7 Interpolation

Consider a Lie group $G$, with two elements $a,b\in G$. We would like to interpolate between these elements, according to a parameter $t\in\left[0,1\right]$. Define a function that will perform the interpolation:

$$f:G\times G\times\mathbb{R} \rightarrow G$$ (206)

$$f\left(a,b,0\right) = a$$ (207)

$$f\left(a,b,1\right) = b$$ (208)

The function is defined by transforming the interpolation operation into the tangent space, performing the linear combination there, and then transforming the resulting tangent vector back onto the manifold. First consider the group element that takes $a$ to $b$:

$$d \equiv b\cdot a^{-1}\in G$$ (209)

$$d\cdot a = b$$ (210)

Now compute the corresponding Lie algebra vector and scale it in the tangent space:

$$\mathbf{d}(t)=t\cdot\ln\left(d\right)$$ (211)

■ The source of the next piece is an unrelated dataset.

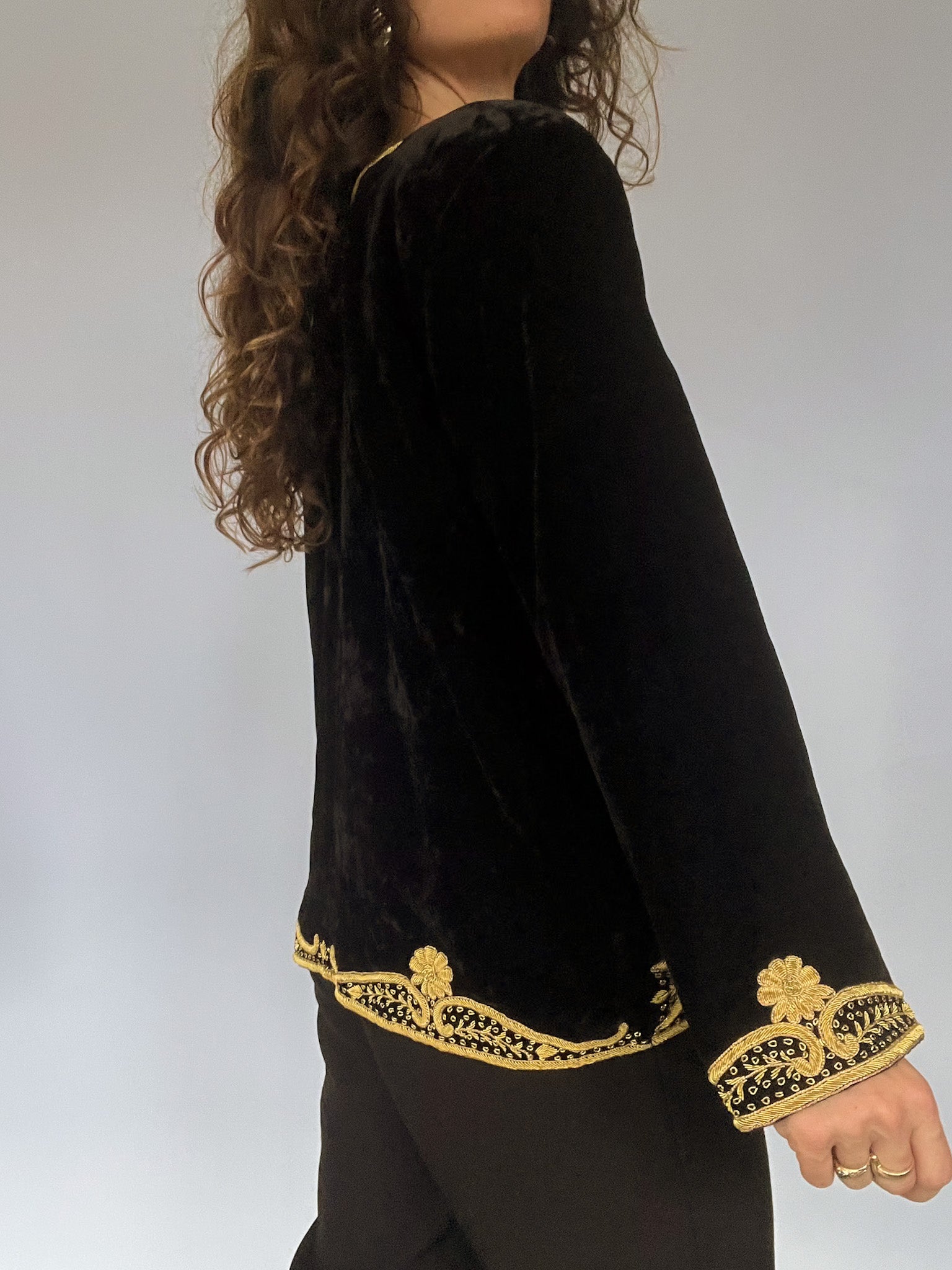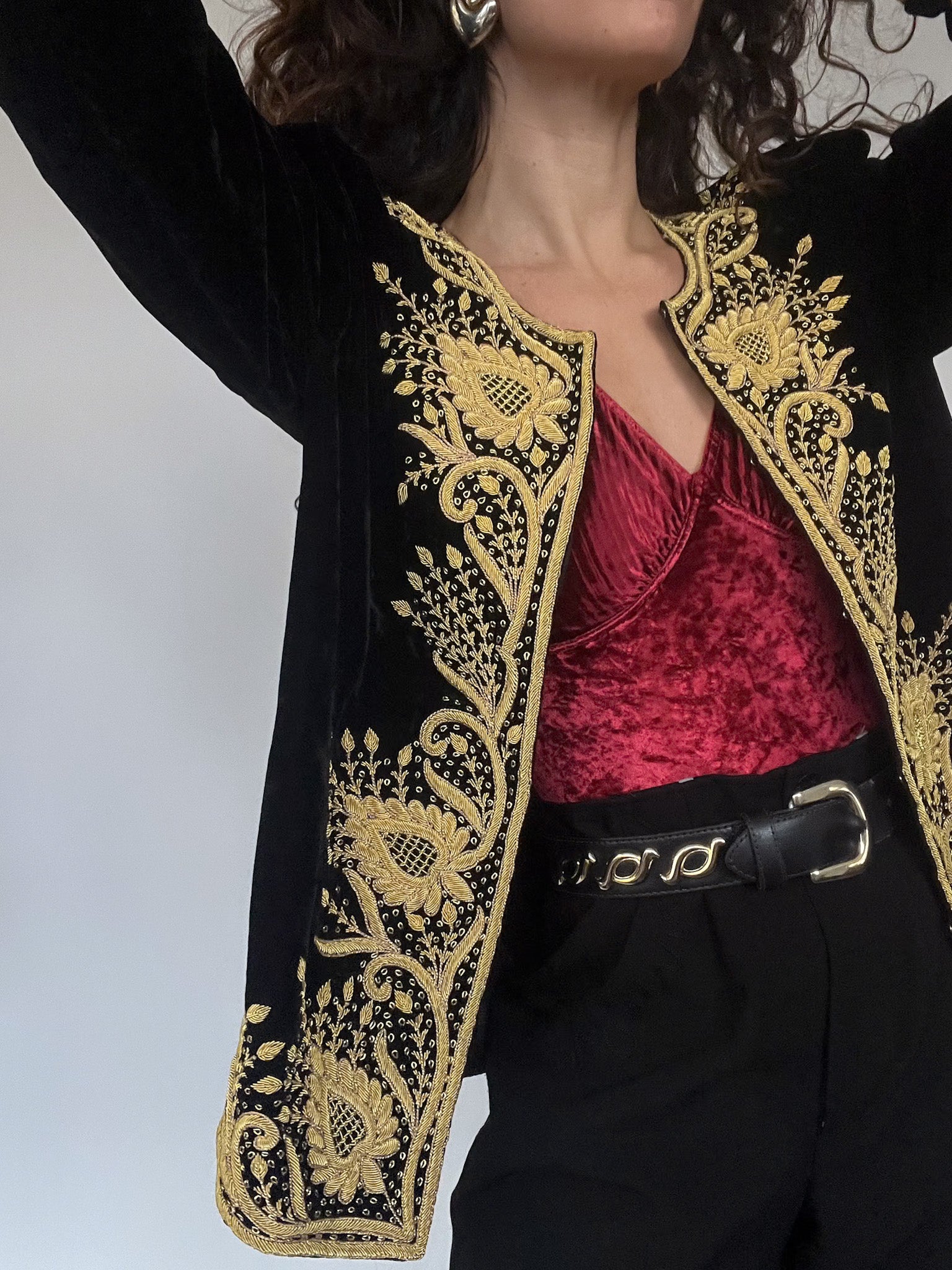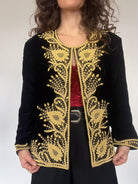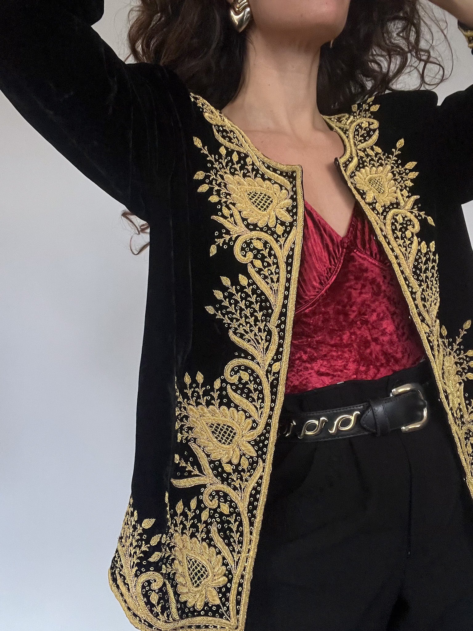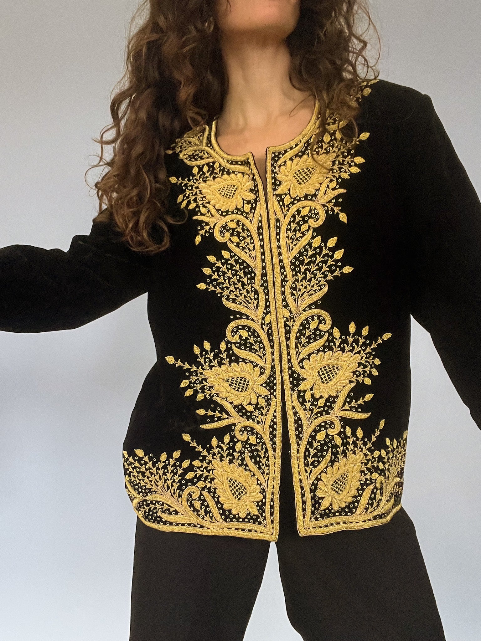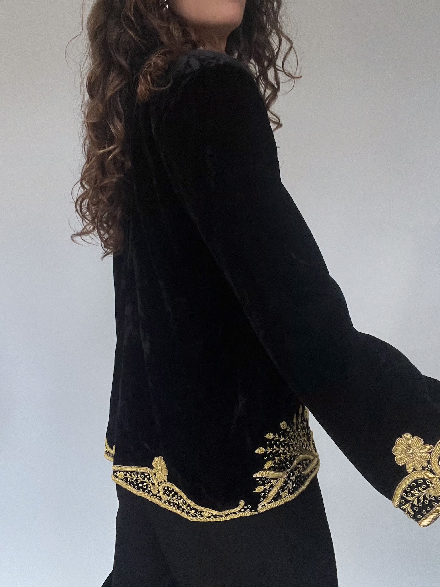 An absolutely iconic 80’s velvet jacket, hand-embellished with intricate golden embroidery and tiny pearls scattered throughout the pattern — a piece that feels almost museum-worthy. The craftsmanship is breathtaking: ornate florals climbing along the front, cuffs and hem, each detail adding depth and richness to the soft black velvet. The silhouette is structured yet fluid, making it just as stunning worn open over a festive look as it is fully closed for maximum impact.

Then transform back into the manifold using the exponential map, yielding a ``partial'' transformation:

$$d_{t}=\exp\left(\mathbf{d}(t)\right)$$ (212)

Combining these three steps gives a definition for $f$:

$$f(a,b,t) = d_{t}\cdot a$$ (213)

$$= \exp\left(t\cdot\ln\left(b\cdot a^{-1}\right)\right)\cdot a$$ (214)

Note that the result is always on the manifold, due to the properties of the exponential map. No projection or coercion is required. Furthermore, the linear transformation in the tangent space corresponds to moving along a geodesic of the manifold. So the interpolation always moves along the ``shortest'' transformation in the Lie group.